The research examined 22,811 citizens of Molise region, in Italy, participating in the Moli-sani study. Following their health status for an average period of about 8 years, and comparing it with their eating habits, Neuromed researchers observed that, in people regularly consuming chili pepper (4 times a week or more), the risk of dying of a heart attack was cut down by 40%. Risk reduction for cerebrovascular mortality was even higher since it resulted more than halved.

"An interesting fact - says Marialaura Bonaccio, Neuromed epidemiologist and first author of the publication - is that protection from mortality risk was independent of the type of diet people followed. In other words, someone can follow the healthy Mediterranean diet, someone else can eat less healthily, but for all of them chili pepper has a protective effect".

The Moli-sani study is the first to explore the properties of this spice in relation to the risk of death in a European and Mediterranean population.

"Chili pepper - comments Licia Iacoviello, Director of the Department of Epidemiology and Prevention at the I.R.C.C.S. Neuromed and Professor of Hygiene and Public Health at the Università dell'Insubria of Varese - is a fundamental component of our food culture. We see it hanging on Italian balconies, and even depicted in jewels. Over the centuries, beneficial properties of all kinds have been associated with its consumption, mostly on the basis of anecdotes or traditions, if not magic.

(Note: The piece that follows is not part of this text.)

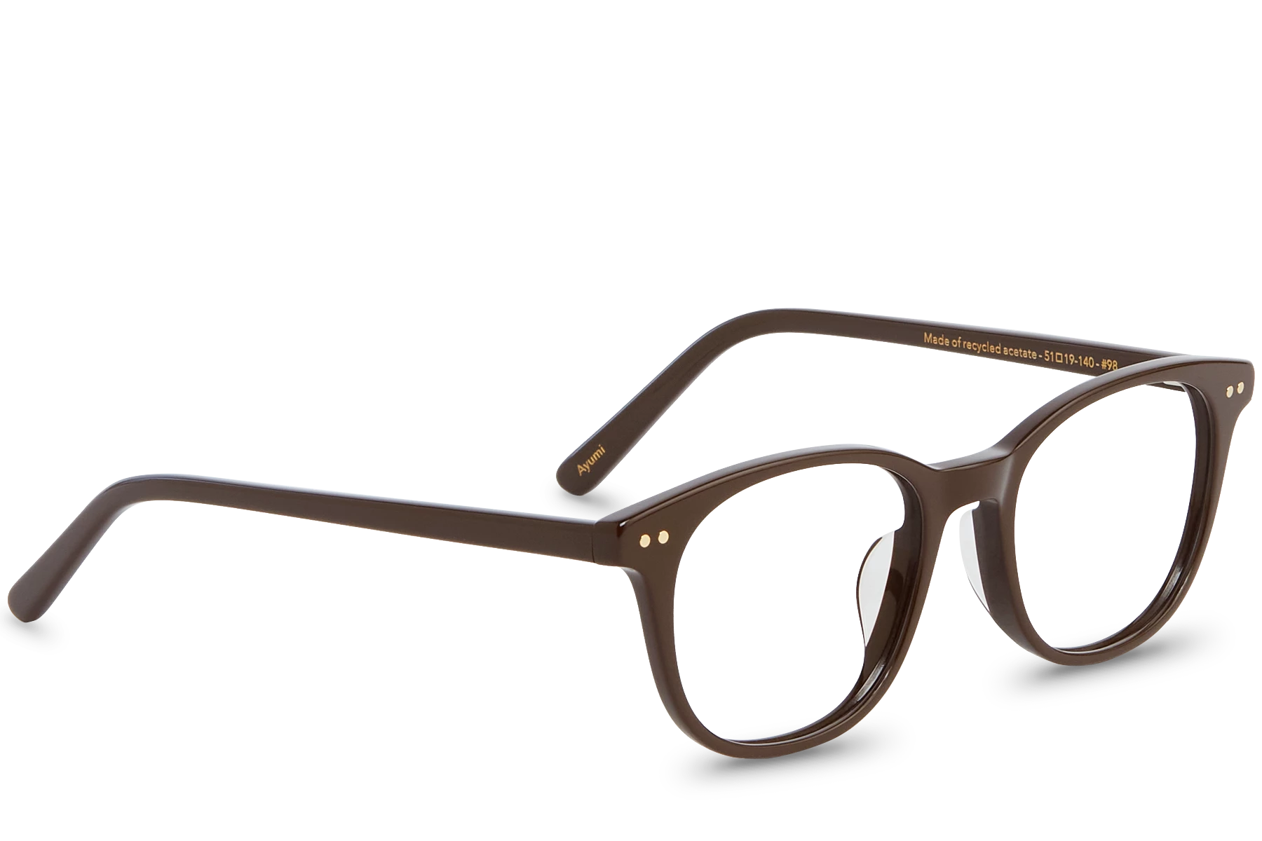 Adored with finely designed metal details, this classic model has beautiful rectangular shapes. Ayumi also has higher acetate nose pads which ensure the frame stays comfortably on your nose! Superb!
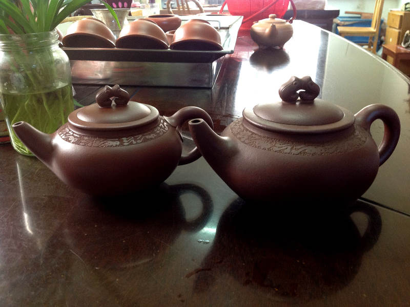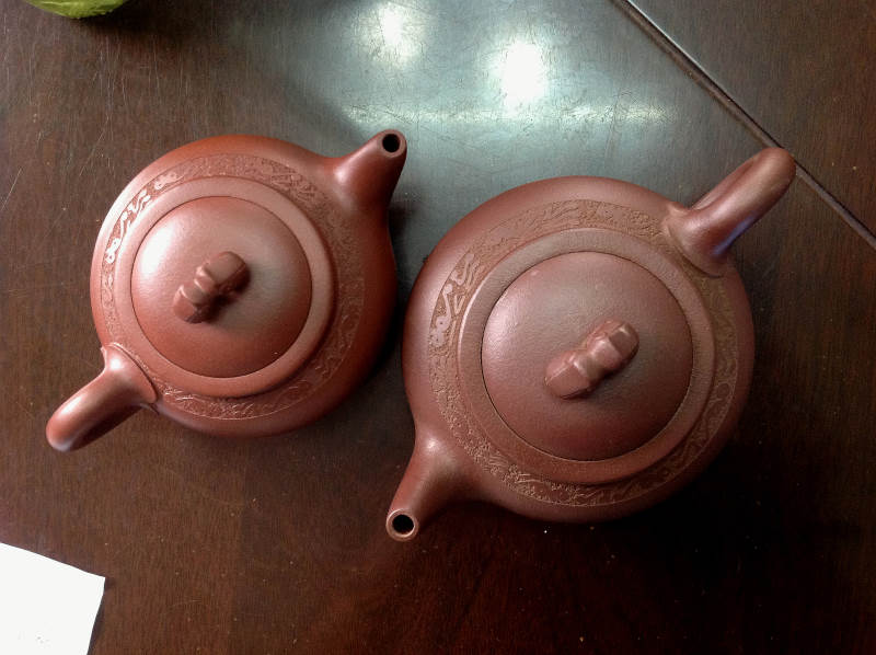 左為剛出窯超折騰人的“雁過紅”~紫碧壺,與右“飛來石”~紫碧壺。

It is important now that research deals with it in a serious way, providing rigor and scientific evidence. And now, as already observed in China and in the United States, we know that the various plants of the capsicum species, although consumed in different ways throughout the world, can exert a protective action towards our health".

New researches will be now necessary to understand the biochemical mechanisms through which the chili pepper and its "relatives" (all united by the presence of a substance called capsaicin), scattered in all the corners of the globe, act. But for the time being, spicy food lovers surely have one more reason to maintain their habit.

The Moli-sani Study:

Started in March 2005, it involves about 25,000 citizens living in the Molise region. The aim is to learn about environmental and genetic factors underlying cardiovascular disease, cancer and degenerative pathologies. The Moli-sani Study, now based in the I.R.C.C.S. Neuromed, has transformed an entire Italian region in a large research lab.

The study was published in the Journal of the American College of Cardiology in December 2019.